Other fun ways others have tried? 

(I do think it would be nice if "freebsd-update cron" had some way to notice an "upgrade-in-progress" and perhaps skip doing what it does...)


----------



## Geezer (Feb 19, 2022)

It might be better - _much better_ - to do the upgrading by yourself at the console.


----------



## grahamperrin@ (Feb 19, 2022)

Peter Eriksson said:


> How not to upgrade your system with freebsd-update … Other fun ways others have tried?  …



My update/upgrade routine is both (a) not how to upgrade with `freebsd-update`; and (b) more importantly, good for a laugh  (like, an earlier edition included commands such as _go to bed_).


----------



## dave01 (Feb 19, 2022)

grahamperrin said:


> My update/upgrade routine is both (a) not how to upgrade with `freebsd-update`; and (b) more importantly, good for a laugh  (like, an earlier edition included commands such as _go to bed_).


I think the next version should scrape the FreeBSD website for the latest RELEASE and feed that into the upgrade script for extra giggles.  Or switch to CURRENT


----------



## Vull (Feb 19, 2022)

Just do it interactively.

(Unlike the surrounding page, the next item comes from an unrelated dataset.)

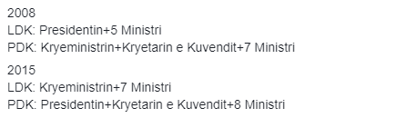Tutje ai rikujton ofertat për ndarje të pushtetit pas zgjedhjeve në vitet 2008 dhe 2015, ku LDK dhe PDK kishin qeverisur së bashku.
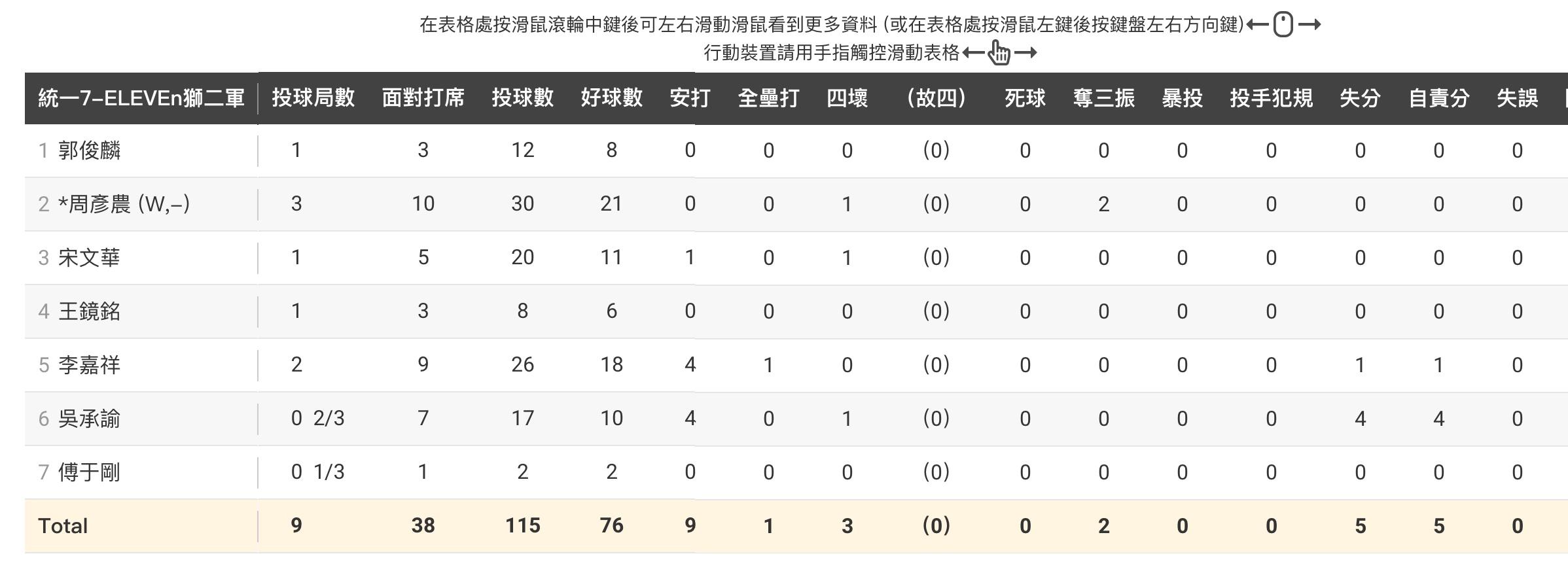 → werger: 第二局換周彥農上場 郭只投一局 04/20 14:30

It's easy. Read the manual. freebsd-update(8)

Edited to add:

Do your upgrades right after the backup. Always have a good recovery strategy ready to go.

Minor upgrades are pretty routine. Upgrading to the next major point release requires planning and more time.


----------



## Peter Eriksson (Feb 20, 2022)

Vull said:


> Just do it interactively. It's easy. Read the manual. freebsd-update(8)
> 
> Edited to add:
> 
> ...



Yes, well, that was not the point. The reason we've been running "freebsd-update -t root cron" from ... cron is that it just downloads the updates and sends an email to root if there are updates to install. Then you normally do a "freebsd-update install" whenever is convenient.

However... if doing a release-upgrade then this causes the packages that "freebsd-update upgrade -r ...." downloaded to be replaced/mixed up with the ones downloaded by "freebsd-update cron" - if the cron job happens to come inbetween the "upgrade" and "install" commands... 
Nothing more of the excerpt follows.